3.1.3 L’histoire de la construction des logiques de postes

Durant toute la période de 1850 à 1944, les méthodes de travail sont empiriques et les performances de la main d’œuvre faibles. En 1880, naît l’Organisation Scientifique du Travail avec le postulat qu’il est possible d’accroître l’efficacité des salariés en parcellisant les tâches et en spécialisant les personnes. C’est à partir de ces principes que la notion de poste de travail émerge et trouve son utilisation dans de nombreux domaines que nous venons de voir. Cette utilisation va avoir un développement, à partir des années 1950, avec la cotation par poste, inspirée des méthodes américaines, qui lie les salaires des ouvriers aux postes qu’ils occupent (job évaluation)(Pezet, 2000) 124 .

Lussato (1972) 125 dégage les hypothèses implicites sur lesquelles se fonde l’Organisation Scientifique du Travail en identifiant les différents principes suivants :

L’analyse de Lussato sur les concepts de Taylor montre que, dans le modèle taylorien-fordien, le personnel occupe un poste et que la spécialisation du travail a pour corollaire sa division. La spécialisation du travail se justifie par des considérations économiques et est synonyme de productivité (Helfer,Kalika et Orsoni, 2000) 126 . Ce constat renvoie au principe de spécialisation qui entraîne une plus grande facilité d’apprentissage des tâches simples prescrites et autorise à penser que l’homme sera ainsi plus « rentable », c’est-à-dire plus productif. Cette productivité renvoie aussi à des préoccupations économiques comme nous l’avons vu dans la société X, où il était instauré jusqu’en 1990, le système des « minutes-primes » ou primes au rendement. Les incidences économiques de cette productivité sont, du côté de l’entreprise, des gains potentiellement supérieurs par rapport aux standards définis et du côté du salarié, une source de « motivation » qui tend à le pousser à plus de productivité.

Nous verrons dans la section 6.8 que cette vision restrictive de la productivité semble déboucher aujourd’hui sur d’autres indicateurs de performance, comme la réduction des coûts cachés ou la rémunération des compétences.

Nous pourrions résumer la notion de poste et son évolution à travers ses différentes applications par la figure 3-3 suivante :

Figure 3- 3 : l’évolution de la notion de poste
Figure 3- 3 : l’évolution de la notion de poste

L’analyse de poste et la description des tâches qui le composent, sont des supports très utilisés dans la gestion des effectifs des organisations. Elles permettent de se rendre compte de l’utilité de tel ou tel poste en regard de la nature de l’activité et de son importance. Cela nous renvoie à son coût et justifie ou non un recrutement. Pour le recrutement, l’analyse de poste est un support à la recherche des candidats possédant les compétences nécessaires à la tenue du poste de travail à pourvoir. Elle permet en interne, à l’occasion des entretiens d’évaluation, d’apprécier le niveau des compétences des titulaires par rapport aux postes tenus et d’envisager si nécessaire des actions de formation afin d’optimiser l’adéquation formation / emploi.

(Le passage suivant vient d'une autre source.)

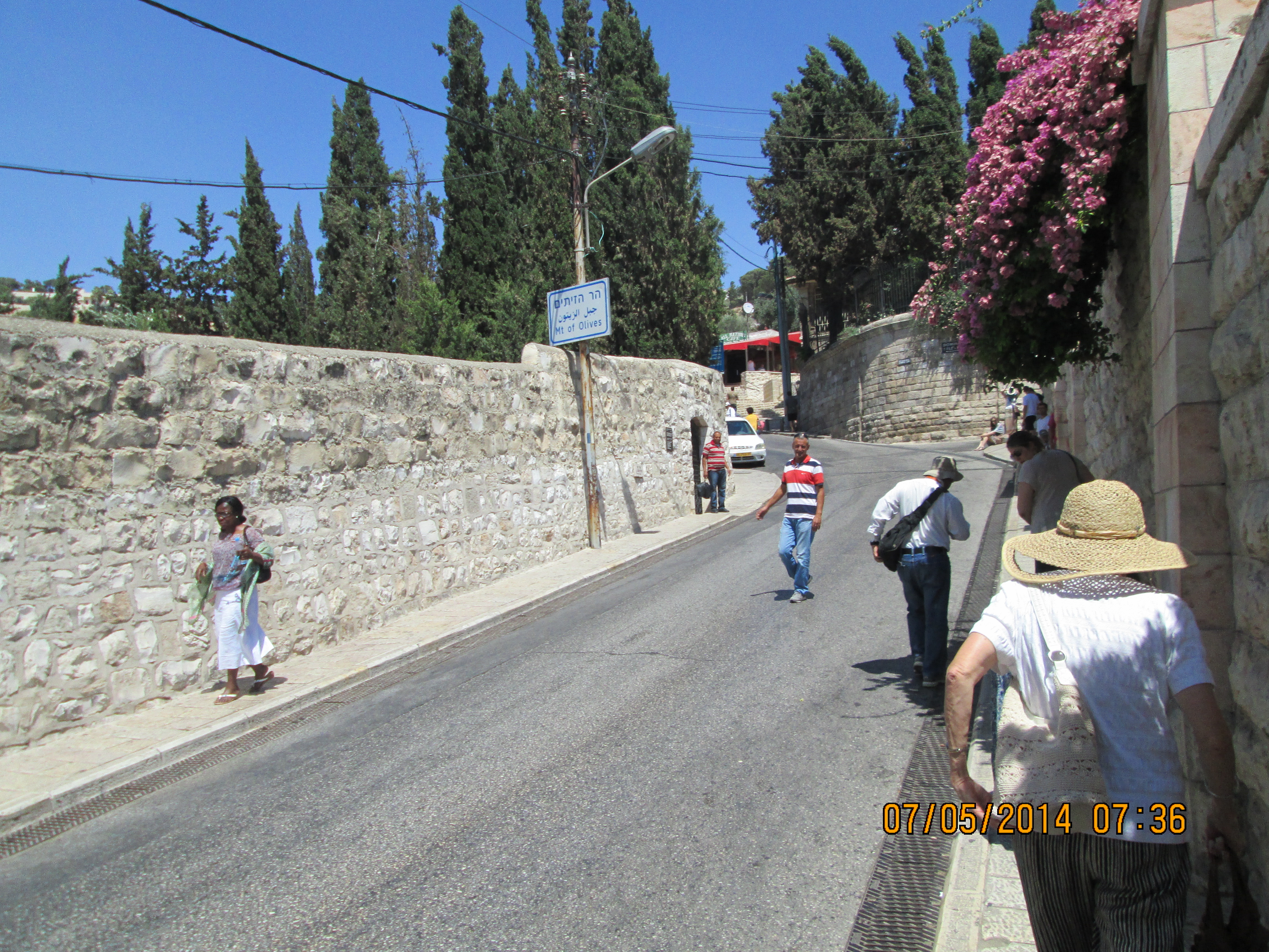 We went back to the hotel, some of us by cab, some by walk. It had cooled down nicely and so those who walked really enjoyed it (I went in the cab!–not knowing what the next day would hold for my knees I decided to give them whatever break I could)! When I went to pay the cab driver, he refused to accept one of my 50 Shekkel bills. I had purchased 1200 shekkels (about $300) from the bank machine just outside of Machane Yehuda Market a day and a half before, and was apparently given a fake bill! My tourist loss for the trip.
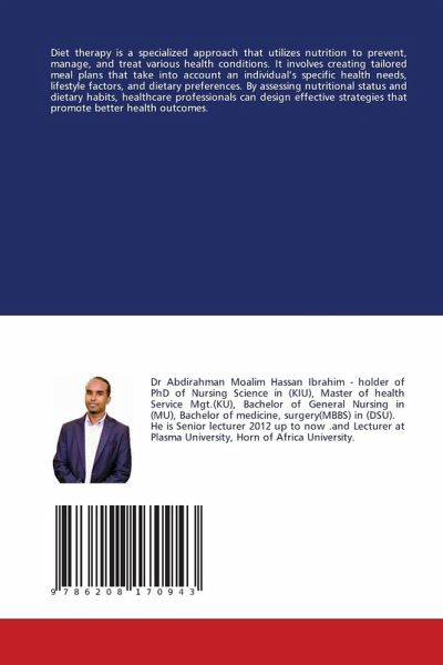 Diet therapy is a specialized approach that utilizes nutrition to prevent, manage, and treat various health conditions. It involves creating tailored meal plans that take into account an individual's specific health needs, lifestyle factors, and dietary preferences. By assessing nutritional status and dietary habits, healthcare professionals can design effective strategies that promote better health outcomes.
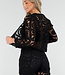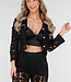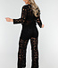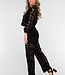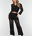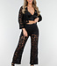 Zweiteilige schwarze Häkelweste und -hose mit Einsatz in der Hose
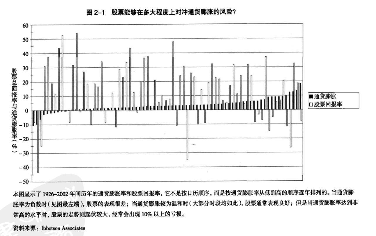 股票以外的抗通膨方法: 1935~1972,公開市場上的黃金價格從每盎司35美元漲到1972年初的48美元,漲幅僅有35%,但在此其間,黃金的持有者並沒有獲得任何資本利得,反而每年要為此付出一些儲存費用。(存銀行生息的收益顯然比持有黃金更好, 從2004年5月以來黃金從每盎司386美元,漲到2011年8月的1900美元,市場是無法預測,且黃金似乎無明顯週期, 無法預估風險)
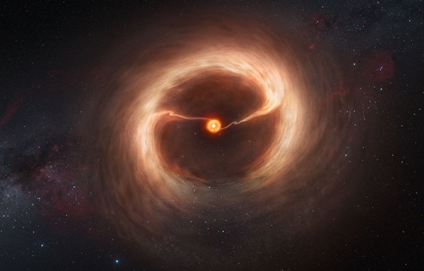 Some 450 light-years from Earth, embryonic planets may be feeding tendrils of gas to the newborn star they orbit. The discovery helps explain how a young star can grow even as budding planets suck up much of the gas and dust around it. Without the tendrils replenishing it, the star’s supply of gas would disappear in less than a year.
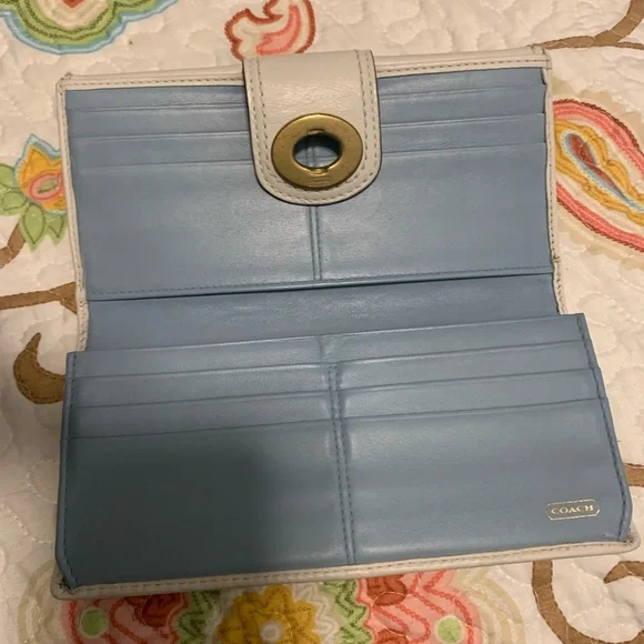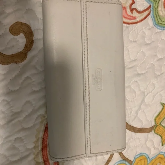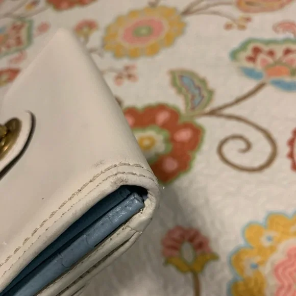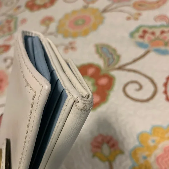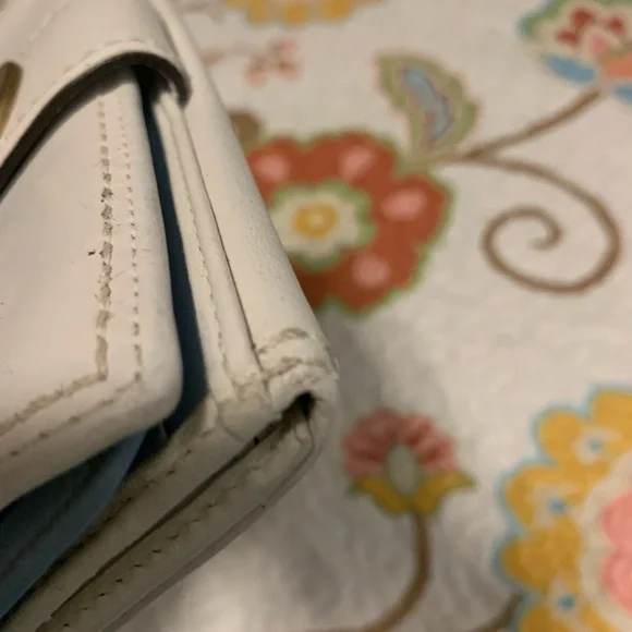 Elegant white wallet featuring a gold clasp. Perfect for everyday use. Minimum wear and tear. If you’re looking for a rate and well kept wallet, this one is for you!
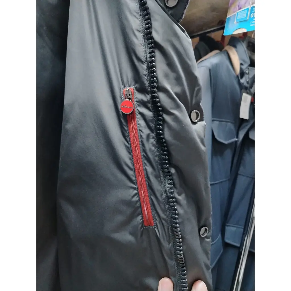 -Модель полуприлегающего кроя с длинными рукавами, прорезными карманами на молниях, высоким воротником-стойкой, съемным капюшоном на кулиске с поперечной ветрозащитной планкой на кнопках, застежкой на молнию и кнопки.
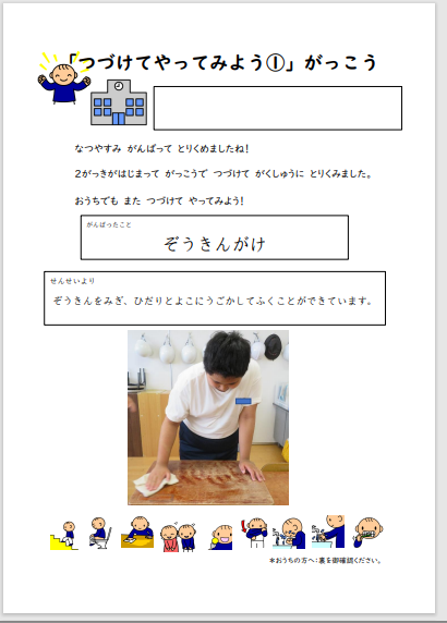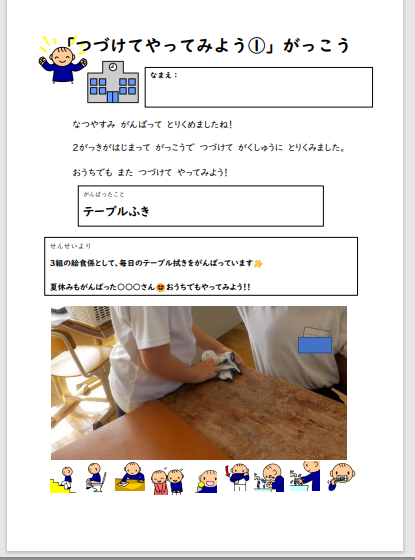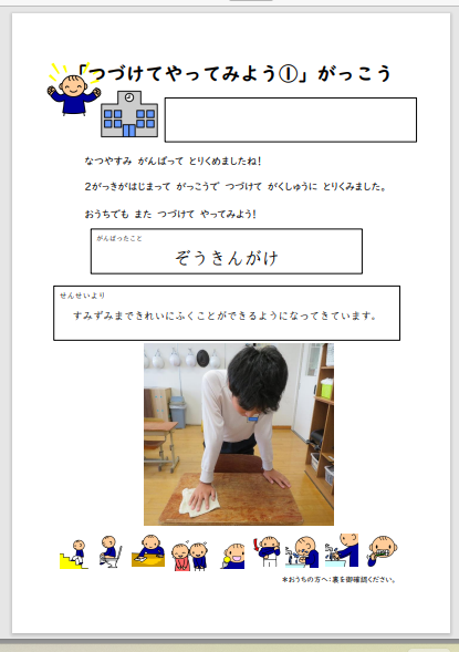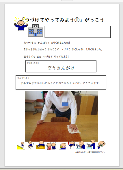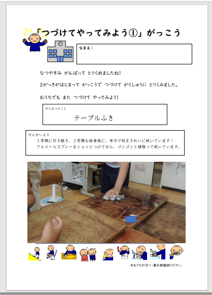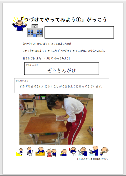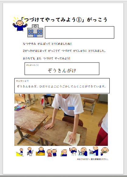 現在、夏休み後の学校での取り組みを家庭にお知らせし、家庭で取り組んでいただいている期間になりますにっこり
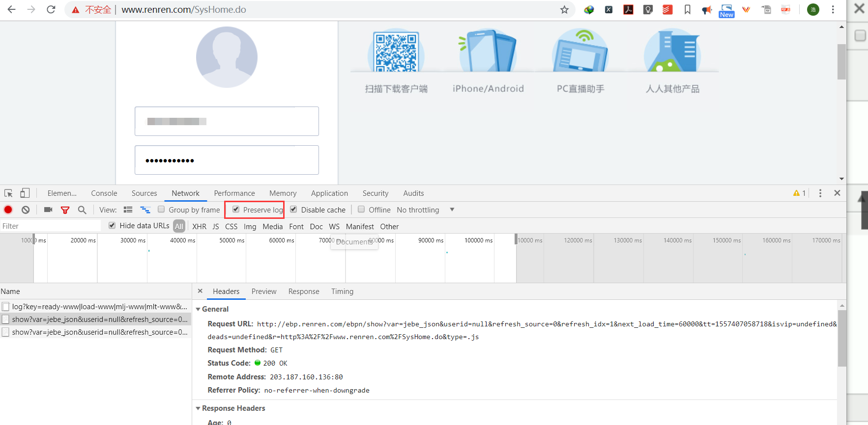 点击登录会进行页面跳转,Preserve log选项,这个选项是保留跳转与跳转之前所有记录
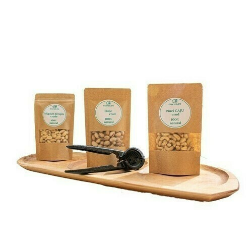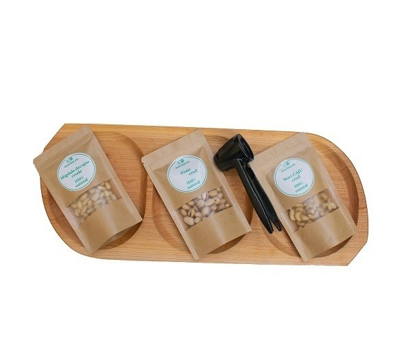 1. Platou servire aperitiv cu 3 compartimente, nuci, alune, traditional din lemn sculptat, lacuit
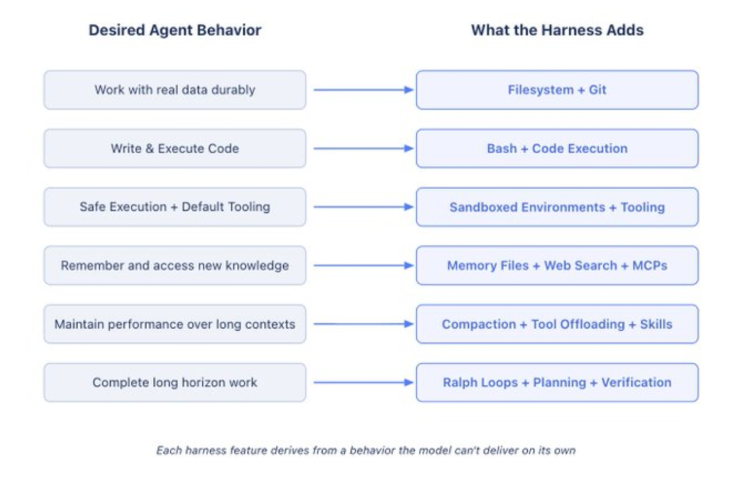 需要注意的是,模型本身并不会配置这些环境。Agent 在何处运行、拥有哪些工具、可以访问哪些资源、如何验证结果,全部属于 Harness 层的设计决策。

Comme nous le verrons au chapitre 4, la description de poste est la première phase opératoire du processus de classification des emplois dans une organisation. Les descriptions de postes permettent d’attribuer un poids relatif aux différents postes de travail dont l’objectif est de pouvoir déterminer des seuils de rémunération en fonction de ce poids. Les études ergonomiques effectuées sur les postes de travail s’appuient sur les descriptions de postes pour améliorer les conditions de travail et répondre à un certain nombre de contraintes législatives d’hygiène et de sécurité. Enfin, nous avons déjà précisé l’importance de la description de poste dans la recherche des coûts induits par le poste en valorisant les tâches élémentaires effectuées.

Face à cette invention taylorienne, nous proposons de voir comment les différents regards portés sur les organisations ont influencé les logiques de postes et façonné un modèle de l’homme au travail face à ces logiques.

Notes
124.

PEZET E.,  « Négociation et gouvernement d’entreprise », Entreprise et histoire, 2000, n° 26, pp. 74-88, op. cit.

125.

LUSSATO B., « Introduction critique aux théories des organisations », Ed. Dunod, 1972, cité par SAVALL H. dans « Enrichir le travail humain : l’évaluation économique », Ed. Economica, 1989, 275 p.

126.

HELFER J.P., KALIKA M., ORSONI J., « Management : Stratégie et organisation » Ed. VUIBERT, 2000, 3ème Edition, 404 p. op. cit.